_GIVEN INFORMATION_.
- Opening Delimiter -
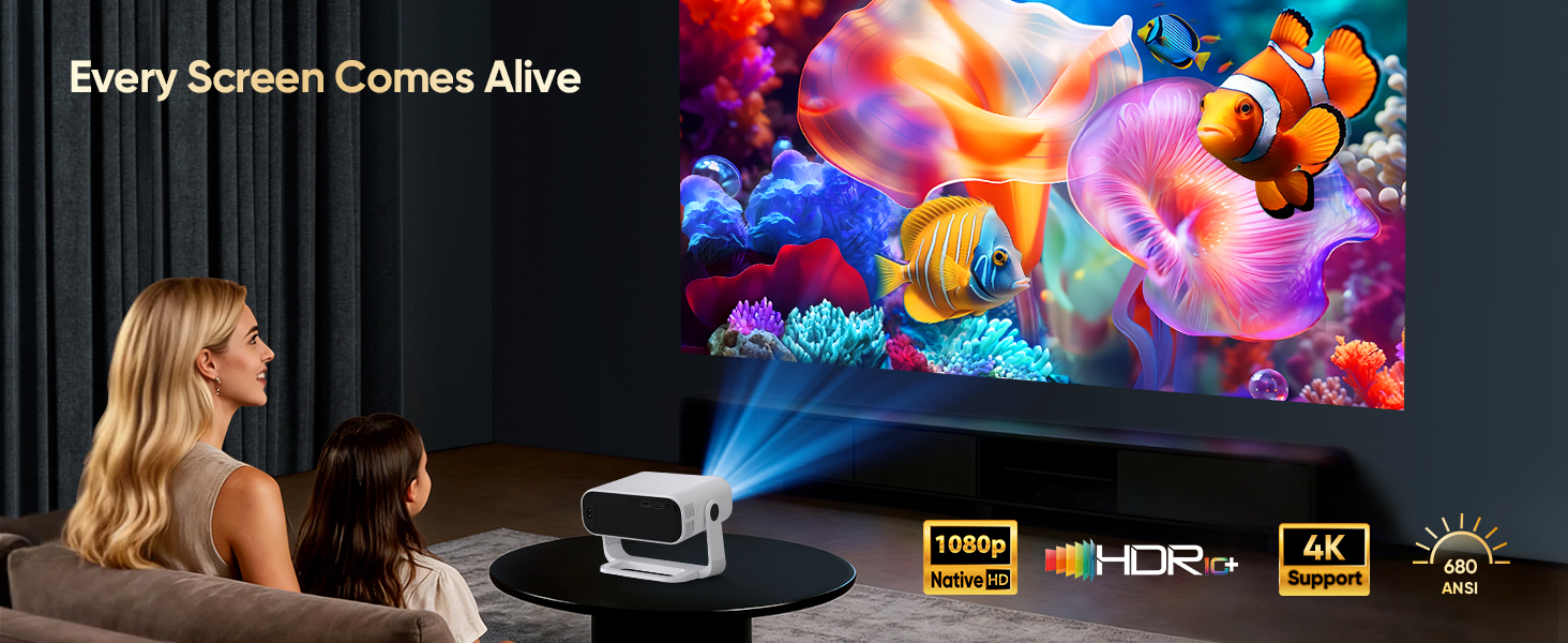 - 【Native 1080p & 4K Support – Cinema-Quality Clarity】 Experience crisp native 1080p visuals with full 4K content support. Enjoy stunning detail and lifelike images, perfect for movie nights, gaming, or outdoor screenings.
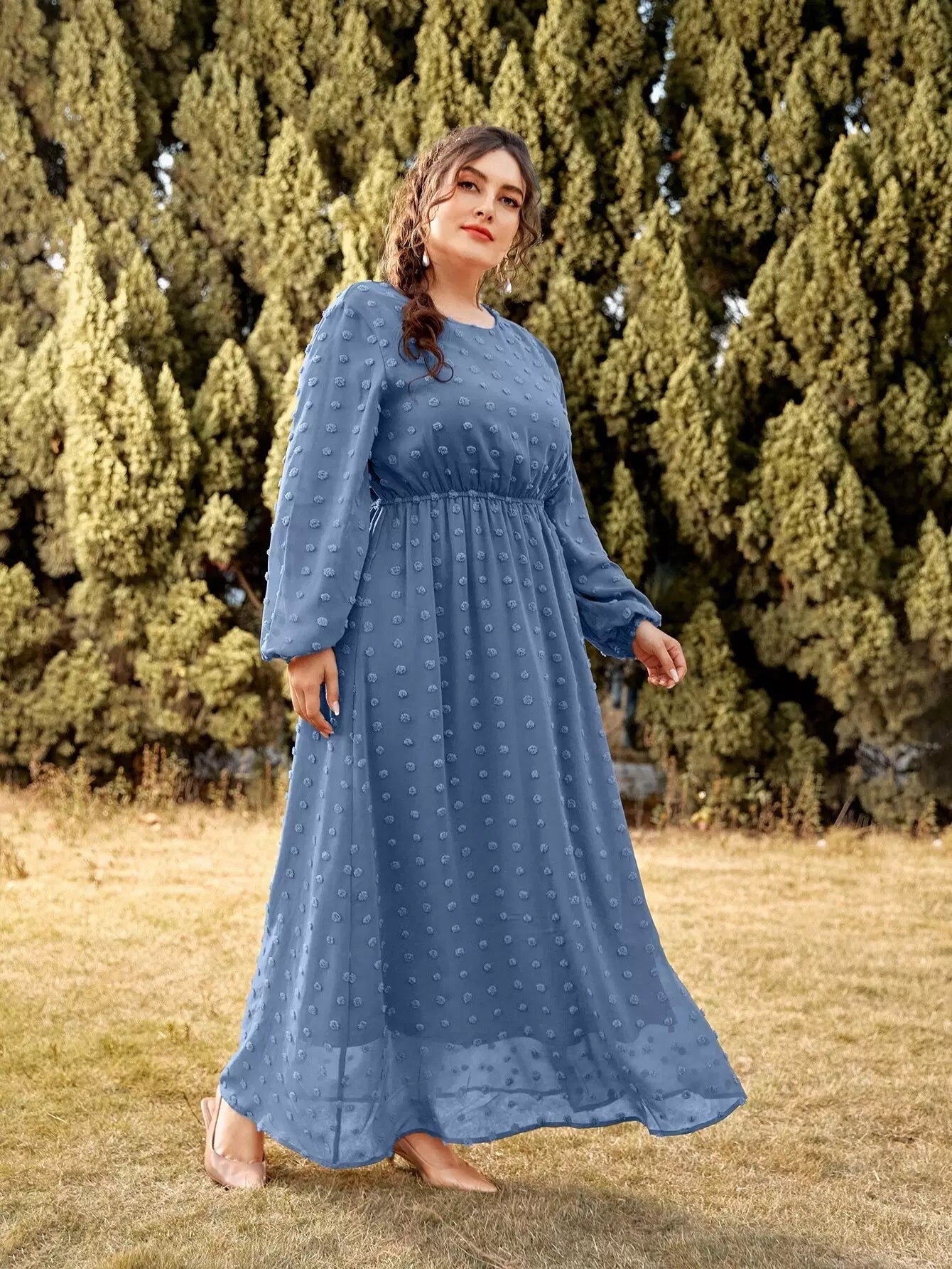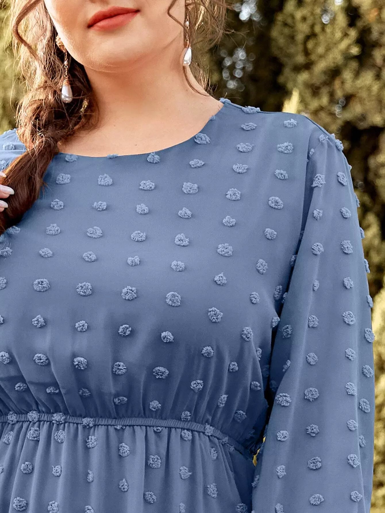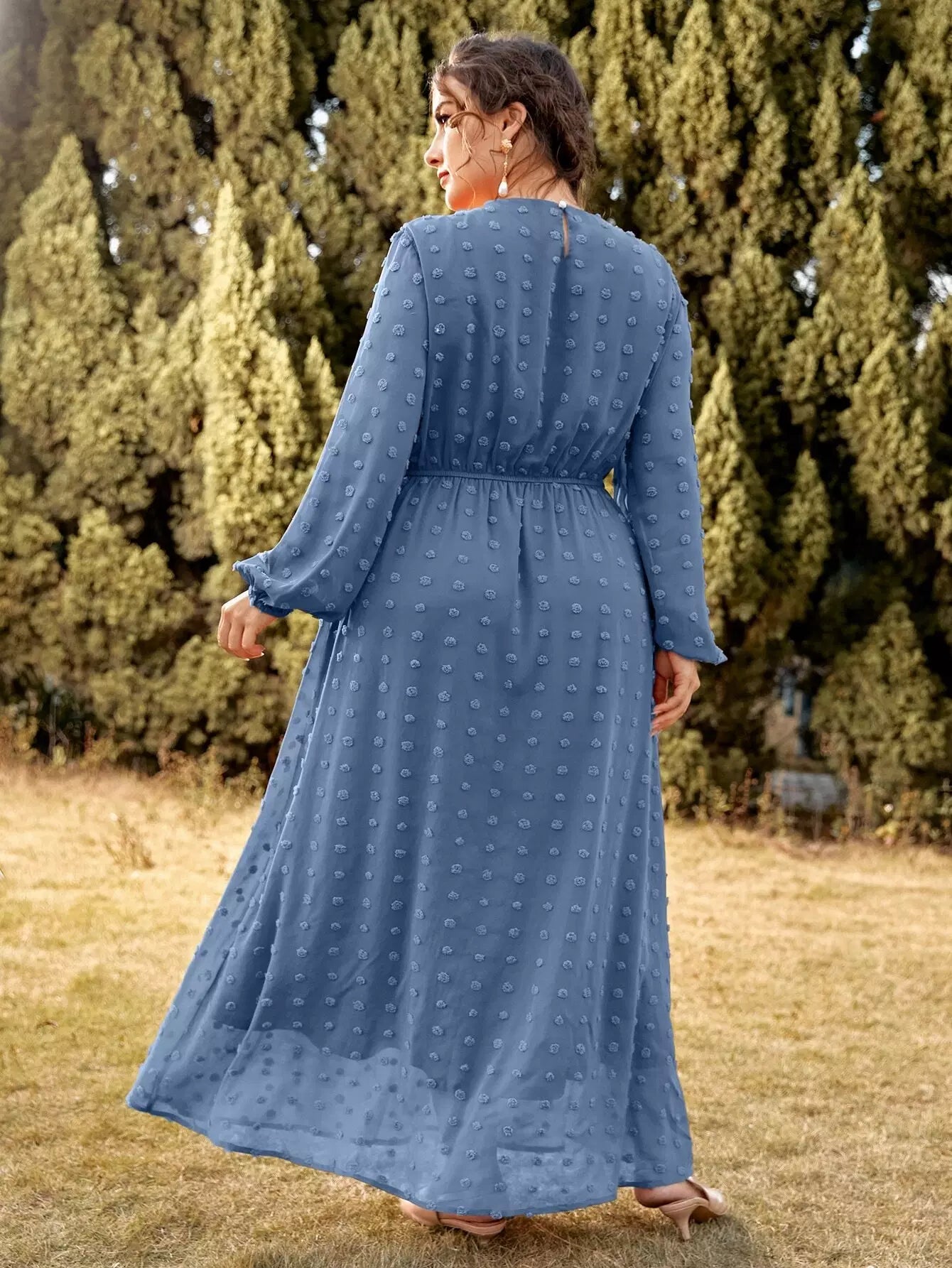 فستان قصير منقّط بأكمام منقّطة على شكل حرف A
- Closing Delimiter -
- Opening Delimiter -
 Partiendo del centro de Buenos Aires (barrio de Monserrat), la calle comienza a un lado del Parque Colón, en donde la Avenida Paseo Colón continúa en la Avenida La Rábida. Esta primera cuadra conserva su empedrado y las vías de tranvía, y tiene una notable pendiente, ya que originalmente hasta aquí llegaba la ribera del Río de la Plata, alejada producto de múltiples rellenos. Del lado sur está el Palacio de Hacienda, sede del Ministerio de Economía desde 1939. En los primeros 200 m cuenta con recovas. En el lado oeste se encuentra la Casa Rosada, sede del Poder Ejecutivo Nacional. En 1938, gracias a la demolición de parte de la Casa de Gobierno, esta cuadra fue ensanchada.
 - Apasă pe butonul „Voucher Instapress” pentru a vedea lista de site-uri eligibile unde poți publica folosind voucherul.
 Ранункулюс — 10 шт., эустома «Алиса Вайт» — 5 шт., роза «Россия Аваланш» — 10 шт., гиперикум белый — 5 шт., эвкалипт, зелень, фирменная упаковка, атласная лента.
- Closing Delimiter -
- Opening Delimiter -
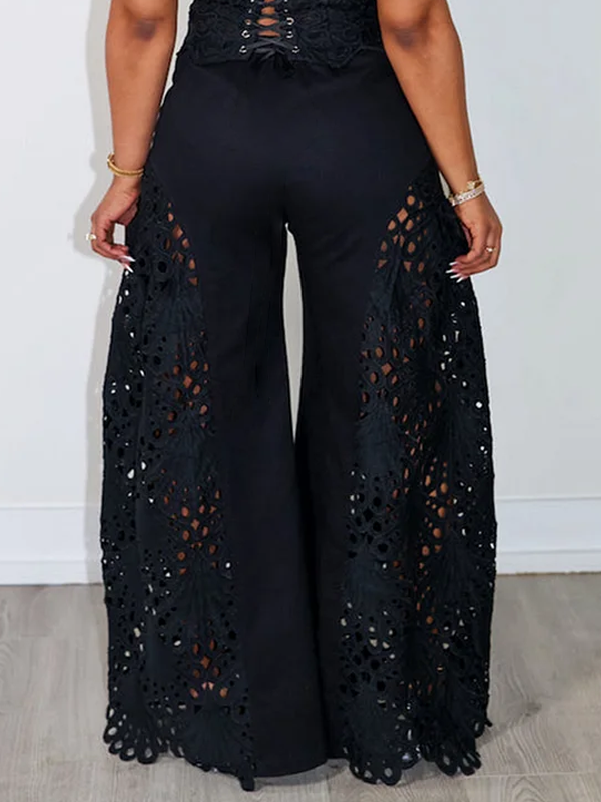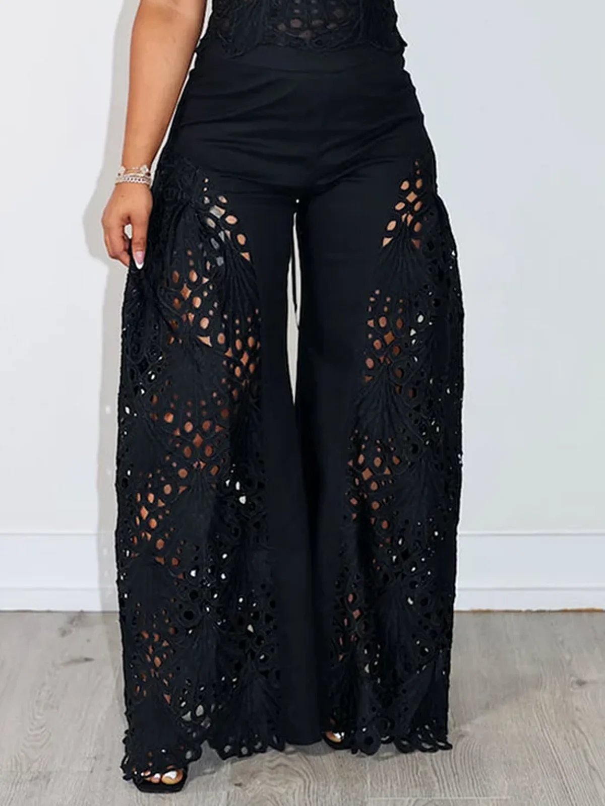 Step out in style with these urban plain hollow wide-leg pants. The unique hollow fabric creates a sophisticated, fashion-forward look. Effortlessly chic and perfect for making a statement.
- Closing Delimiter -
_DESCRIPTION OF THE TASK_.
Above are some entries. Restate word for word the lines from the one holding "- 【Native 1080p" through the one holding "فستان قصير منقّط بأكمام منقّطة على شكل حرف A", but not the pictures.

_PROBLEM SOLUTION_.
 - 【Native 1080p & 4K Support – Cinema-Quality Clarity】 Experience crisp native 1080p visuals with full 4K content support. Enjoy stunning detail and lifelike images, perfect for movie nights, gaming, or outdoor screenings.
 فستان قصير منقّط بأكمام منقّطة على شكل حرف A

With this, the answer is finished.